TensorFlow Serving Framework
A TensorFlow Serving Framework is an ML model serving framework associated with TensorFlow.
- AKA: tensorflow_serving.
- Context:
- It can make use of a TensorFlow SavedModelBuilder module to export the model (by first saving a “snapshot” of the trained model to reliable storage so that it can be loaded later for inference).
- Example(s):
- TensorFlow Serving v0.6 (2017-06-20) for TensorFlow v1.2 [1]
- It can be integrated with TensorFlow Serving via Docker [2]
- Counter-Example(s):
- See: Docker.
References
2017
- https://www.tensorflow.org/deploy/tfserve
- QUOTE: TensorFlow Serving is a flexible, high-performance serving system for machine learning models, designed for production environments. TensorFlow Serving makes it easy to deploy new algorithms and experiments, while keeping the same server architecture and APIs.
2017b
- https://tensorflow.github.io/serving/serving_basic
- QUOTE: ... your [mnist_model] TensorFlow model is exported and ready to be loaded!

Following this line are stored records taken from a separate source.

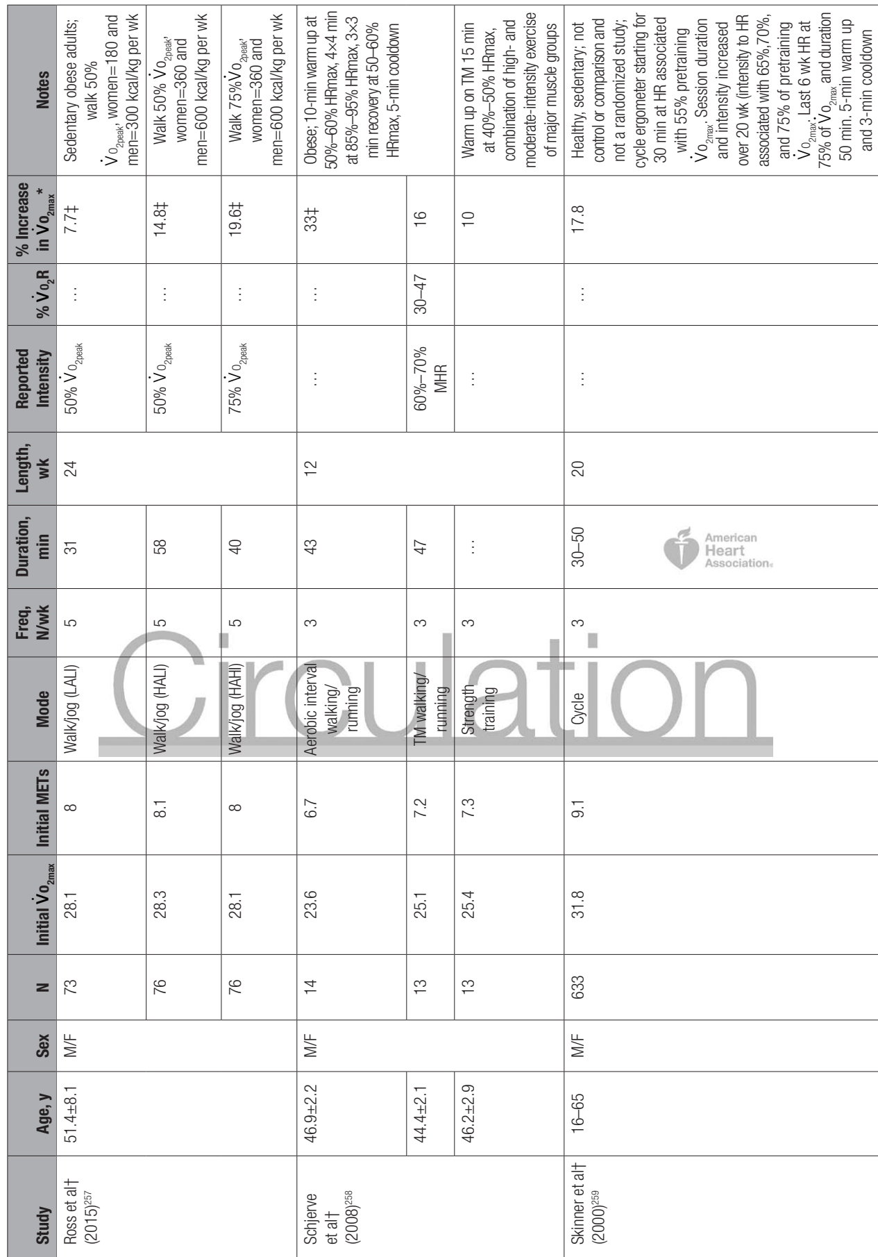
Table 7. Continued
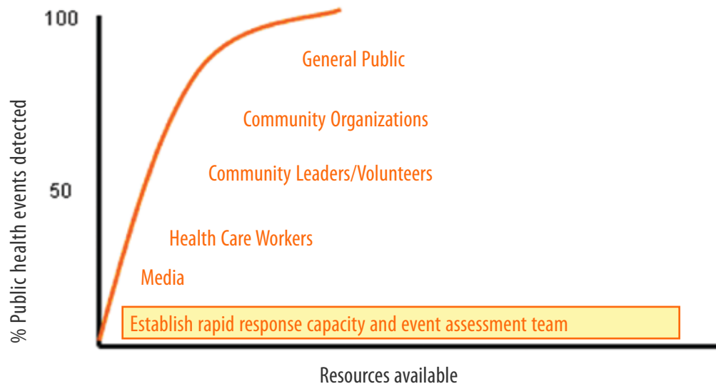
Fig. 3. Sensitivity of different reporting sources and level of resources required to maintain the event-based surveillance system
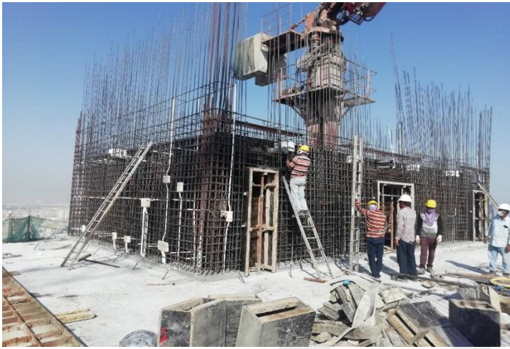
40 th Floor – Shuttering Work for Shear
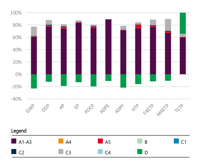
Figure 4 LCA results for the panel system

Figure 4 clearly indicates the relatively small contribution to each impact from the other life cycle stages, A4 and A5, and C1 through to C4. Of these stages, the most significant contributions are from stage A5 (installation of the product on the building), in the Human Toxicity (HTP) Potential indicator, and from stage C3 (waste processing) in the GWP, ODP and toxicity indicators. The A5 contributions to HTP are mainly from the manufacture of the stainless steel screws used to fix the panels to the building, while the C3 contributions are the result of emissions from the incineration for energy recovery of the foam insulation at end-of-life.
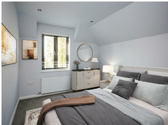
Bedroom One 11'5 x 10'1 (3.48m x 3.07m)
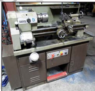
BOXFORD 500 VSL tool room lathe
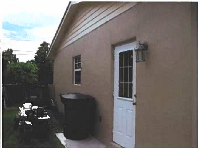
Left Property Picture
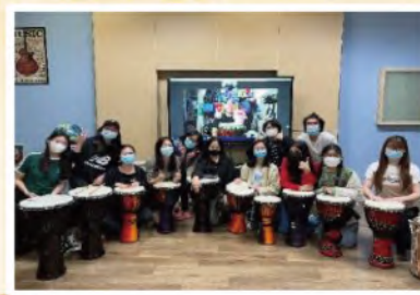
AFRICAN DRUM TEAM 非洲鼓隊
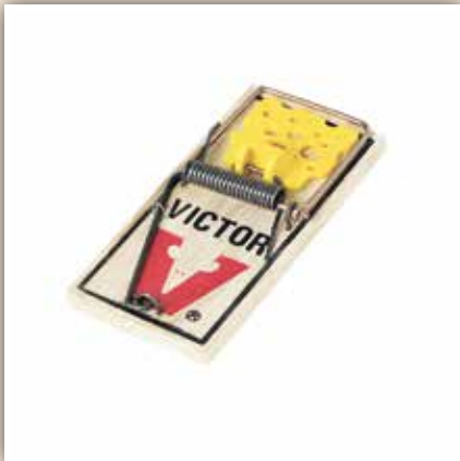
Mouse-sized snap trap.

If trapping around children or animals, traps should be placed in a secure box or covered to prevent accidents. Placement of snap traps is crucial to their effectiveness. Place traps in areas frequented by rats. Rats establish runways along fence tops and next to walls. Look for the presence of rat droppings when placing snap traps. Place the end of trap containing the trigger against a wall or known runway. Snap traps can also be attached to pipes or studs with wire, nail, or screws.
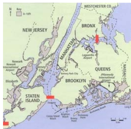
The Stony Brook team's original storm-surge barrier

After running test simulations on past events like tropical storm Floyd and the 1992 nor'easter that flooded New York City, the team confirmed that their system could generate realistic results. So the Stony Brook group began doing some real forecasting, running the model once or twice a day to generate two- to three-sunday forecasts--something that helped predict the impact of Hurricane Sandy, along with models from NOAA and others.
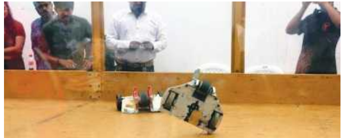
The combat bots in action during Robowars India League

The headliner events, invited the best teams from across the country to represent their institutes in fierce battles. With growing combat robotic enthusiasts, Robowars India League proved to be the crowd-puller. With our own Team Thriveforce competing, students excitedly gathered to see these lethal bots conquer the arena. The third edition of BITS Drone Racing League had over 15 drones racing through challenging obstacle courses on campus. Finally, the SAE organised Auto Expo and Time Attack Race had five custom-built ATV's in an ultimate off-road challenge.
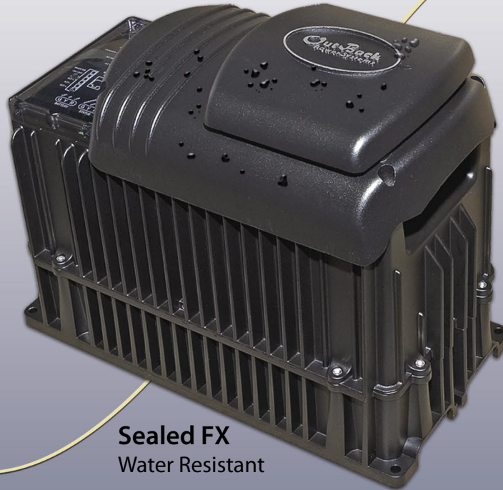
Sealed FX Water Resistant
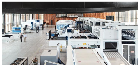
In a production hall measuring 55 meters in length, there is a connected sheet metal production with a central storage system as the centerpiece, which supplies the machine tools with material.
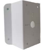
1276ZJ Corner Mounting Bracket
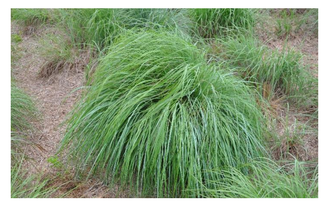
Coastal Plains Germplasm little bluestem at the ETPMC

Schizachyrium scoparium (Michx.) Nash var. scoparium
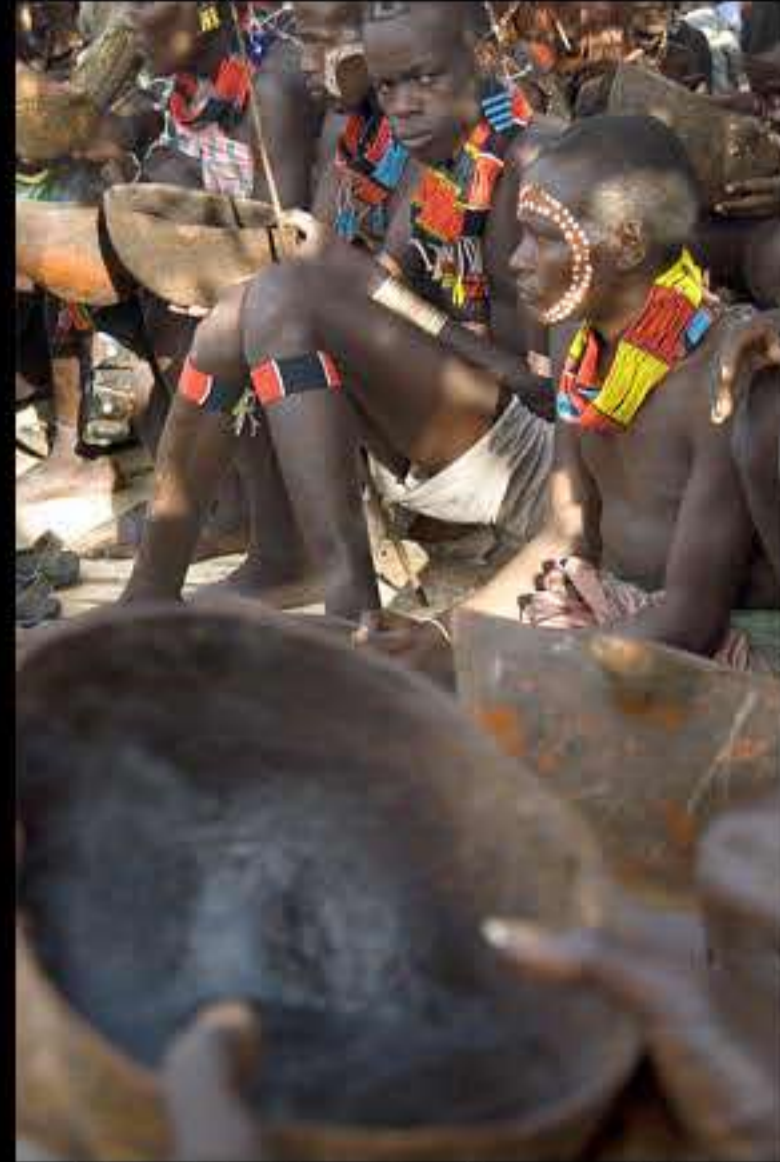
Turmi, bull jamping (hammer) 089
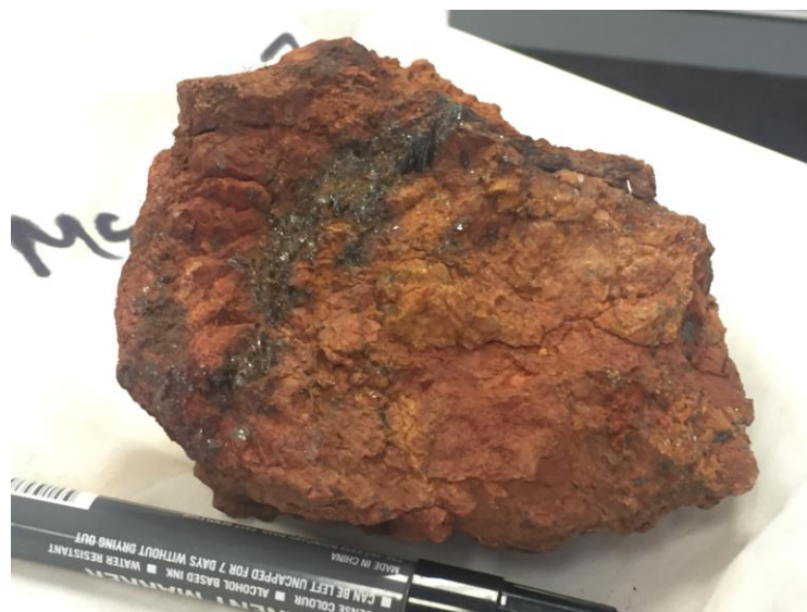
Figure 1: Photo of the rock chip from the Mary Springs North prospect.

Registered Office: Level 1, 8 Outram Street, West Perth, WA 6005, Australia
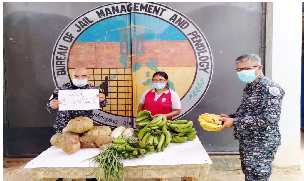
The Department of Agrarian Reform (DAR) Eastern Samar Provincial Office provided fruits and vegetables for the preparation of the meal for the persons deprived of liberty (PDLs) confined at the Borongan City Jail, Guiuan and Balangiga District Jails on Independence Day.
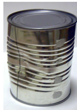
Dent on Seam
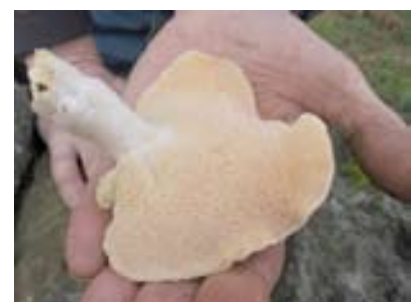
A hedgehog mushroom . .
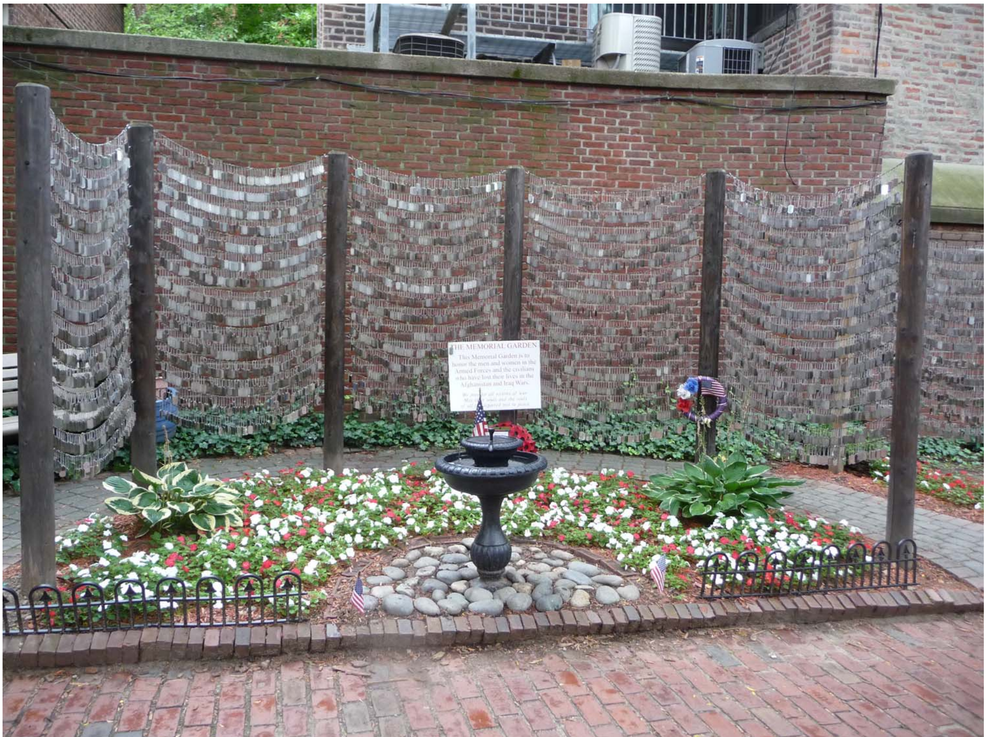
Thousands of dog tags commemorating all the lives lost in the Iraq War.

Load Exported Model With Standard TensorFlow Model Server
- QUOTE: ... your [mnist_model] TensorFlow model is exported and ready to be loaded!
$>bazel build //tensorflow_serving/model_servers:tensorflow_model_server $>bazel-bin/tensorflow_serving/model_servers/tensorflow_model_server --port=9000 --model_name=mnist --model_base_path=/tmp/mnist_model/
2017c
- https://github.com/tensorflow/serving
- QUOTE: TensorFlow Serving is an open-source software library for serving machine learning models. It deals with the inference aspect of machine learning, taking models after training and managing their lifetimes, providing clients with versioned access via a high-performance, reference-counted lookup table.
Multiple models, or indeed multiple versions of the same model, can be served simultaneously. This flexibility facilitates canarying new versions, non-atomically migrating clients to new models or versions, and A/B testing experimental models.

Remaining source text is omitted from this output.